→ **STUDY MATERIAL**

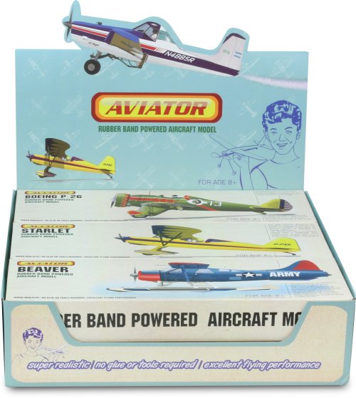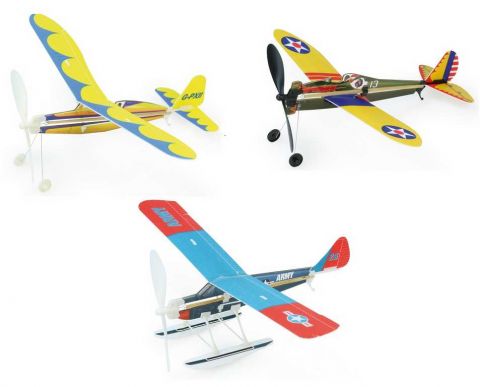 Cena za 1 ks. Lietadlá s naťahovacou vrtuľou – dá sa natiahnuť gumičkou. Na výber z 3 typov lietadiel, napr. Boeing P-26 alebo Beaver. Hlavné vlastnosti: ľahký materiál naťahovanie na gumičku
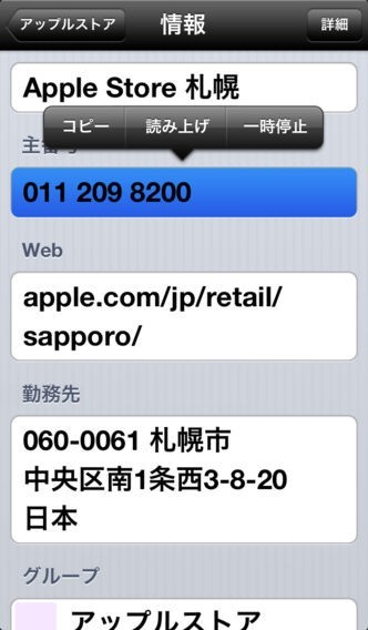 ※情報の詳細表示(編集ボタンの見える状態)での電話番号タッチは標準動作です、間違い電話防止の確認は出ませんのでご注意ください。
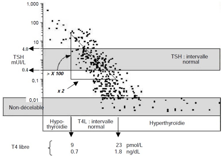 Relation log/linéaire inverse entre la TSH sérique et T4L. Tout excès/déficience de T4L sera détectée par l’hypophyse et entraînera une réponse amplifiée, exponentielle et inverse de la sécrétion de TSH.
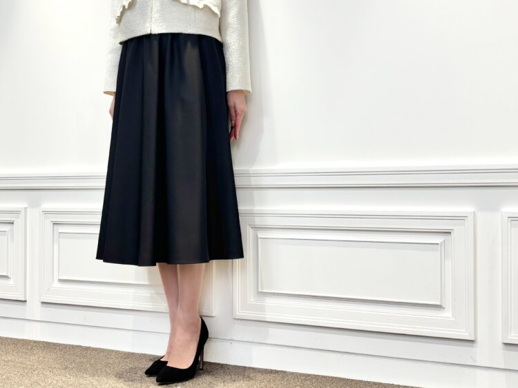 上品な光沢とほどよいハリ感でエレガントな佇まいへと導いてくれる<ウエストゴムギャザーフレアスカート>。
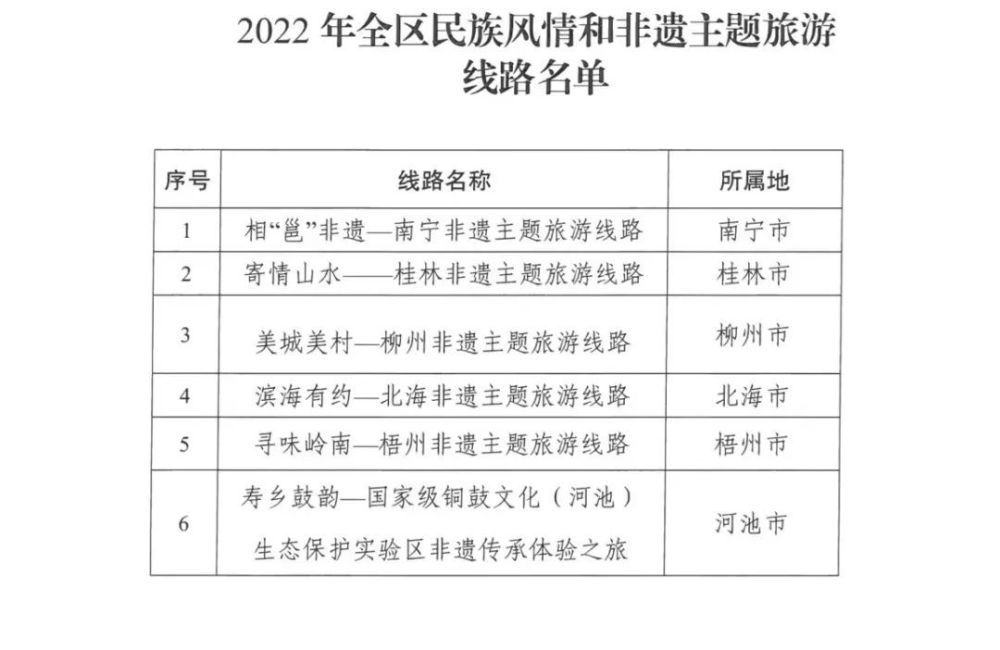 近日,广西壮族自治区文化和旅游厅公布了2022年全区民族风情和非遗主题旅游线路名单。其中,相“邕”非遗—南宁非遗主题旅游线路是获选线路之一。

→ **WHAT YOU SHOULD DO**
Output the entries verbatim but drop the images.

→ **EXPECTED OUTPUT**
 Cena za 1 ks. Lietadlá s naťahovacou vrtuľou – dá sa natiahnuť gumičkou. Na výber z 3 typov lietadiel, napr. Boeing P-26 alebo Beaver. Hlavné vlastnosti: ľahký materiál naťahovanie na gumičku
 ※情報の詳細表示(編集ボタンの見える状態)での電話番号タッチは標準動作です、間違い電話防止の確認は出ませんのでご注意ください。
 Relation log/linéaire inverse entre la TSH sérique et T4L. Tout excès/déficience de T4L sera détectée par l’hypophyse et entraînera une réponse amplifiée, exponentielle et inverse de la sécrétion de TSH.
 上品な光沢とほどよいハリ感でエレガントな佇まいへと導いてくれる<ウエストゴムギャザーフレアスカート>。
 近日,广西壮族自治区文化和旅游厅公布了2022年全区民族风情和非遗主题旅游线路名单。其中,相“邕”非遗—南宁非遗主题旅游线路是获选线路之一。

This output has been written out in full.